** YOUR TASK **
Reproduce the section of the listing that begins at the line containing "彩色潤唇膏共有5色,包括#01 櫻桃粉、#02 小紅莓、#03" and finishes at the line containing "Набор из 3-х". Include both end lines and nothing beyond them.

** SOURCE MATERIAL **
______________________________
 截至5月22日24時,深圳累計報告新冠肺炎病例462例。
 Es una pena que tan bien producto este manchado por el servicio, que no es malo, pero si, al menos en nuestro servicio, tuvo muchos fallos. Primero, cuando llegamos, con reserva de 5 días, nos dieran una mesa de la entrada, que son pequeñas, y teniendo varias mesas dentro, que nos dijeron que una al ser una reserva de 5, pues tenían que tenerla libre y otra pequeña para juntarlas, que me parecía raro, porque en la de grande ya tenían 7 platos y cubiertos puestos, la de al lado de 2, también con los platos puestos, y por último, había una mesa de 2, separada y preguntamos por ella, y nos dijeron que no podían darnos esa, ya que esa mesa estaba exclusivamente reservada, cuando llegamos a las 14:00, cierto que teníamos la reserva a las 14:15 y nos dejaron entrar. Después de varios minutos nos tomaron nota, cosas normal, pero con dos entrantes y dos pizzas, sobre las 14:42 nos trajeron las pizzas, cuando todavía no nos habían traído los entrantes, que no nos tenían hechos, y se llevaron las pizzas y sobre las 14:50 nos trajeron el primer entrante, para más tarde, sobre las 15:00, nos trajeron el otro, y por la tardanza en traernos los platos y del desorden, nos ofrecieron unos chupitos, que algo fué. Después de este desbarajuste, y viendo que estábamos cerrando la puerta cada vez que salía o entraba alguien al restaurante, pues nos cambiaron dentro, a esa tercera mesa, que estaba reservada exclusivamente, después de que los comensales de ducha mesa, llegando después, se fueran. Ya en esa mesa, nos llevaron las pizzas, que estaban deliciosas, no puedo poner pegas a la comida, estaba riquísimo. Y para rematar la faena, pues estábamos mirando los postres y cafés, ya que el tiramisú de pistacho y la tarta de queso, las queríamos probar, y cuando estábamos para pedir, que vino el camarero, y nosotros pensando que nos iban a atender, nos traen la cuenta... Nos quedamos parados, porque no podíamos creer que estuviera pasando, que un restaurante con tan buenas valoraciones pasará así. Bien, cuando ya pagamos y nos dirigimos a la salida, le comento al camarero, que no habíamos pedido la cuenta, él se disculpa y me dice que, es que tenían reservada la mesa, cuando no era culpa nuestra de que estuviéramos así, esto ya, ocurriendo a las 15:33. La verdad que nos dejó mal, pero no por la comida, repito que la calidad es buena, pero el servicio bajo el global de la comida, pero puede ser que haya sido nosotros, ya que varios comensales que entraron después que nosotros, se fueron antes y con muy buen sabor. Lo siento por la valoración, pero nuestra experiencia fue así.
______________________________
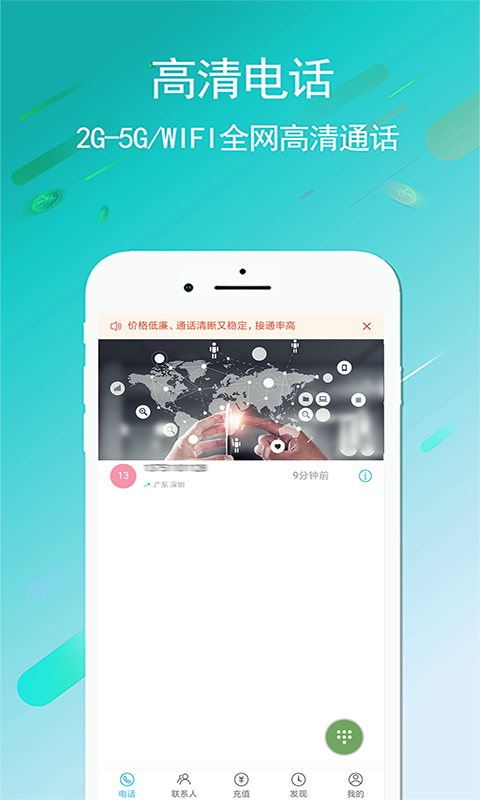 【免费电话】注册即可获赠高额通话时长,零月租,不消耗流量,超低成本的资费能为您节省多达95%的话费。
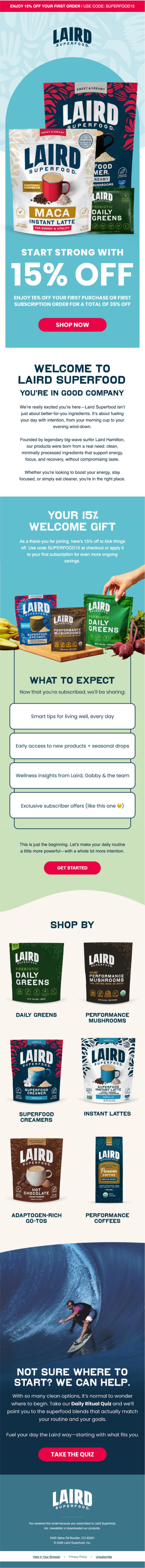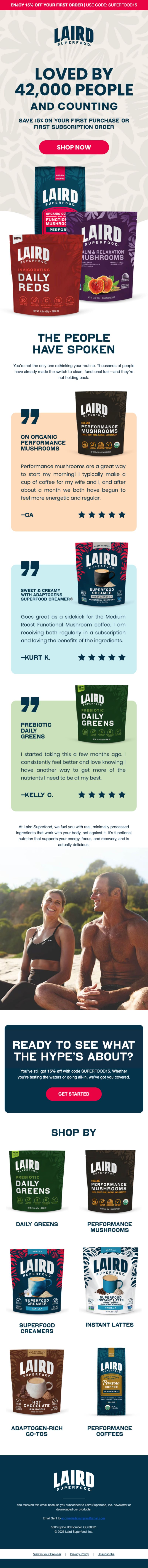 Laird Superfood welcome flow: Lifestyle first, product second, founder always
______________________________
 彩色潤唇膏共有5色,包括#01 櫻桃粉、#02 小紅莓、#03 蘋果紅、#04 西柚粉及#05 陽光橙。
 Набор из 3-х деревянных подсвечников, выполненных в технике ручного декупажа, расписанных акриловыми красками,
______________________________
** RESPONSE TO THE EXERCISE **
 彩色潤唇膏共有5色,包括#01 櫻桃粉、#02 小紅莓、#03 蘋果紅、#04 西柚粉及#05 陽光橙。
 Набор из 3-х деревянных подсвечников, выполненных в технике ручного декупажа, расписанных акриловыми красками,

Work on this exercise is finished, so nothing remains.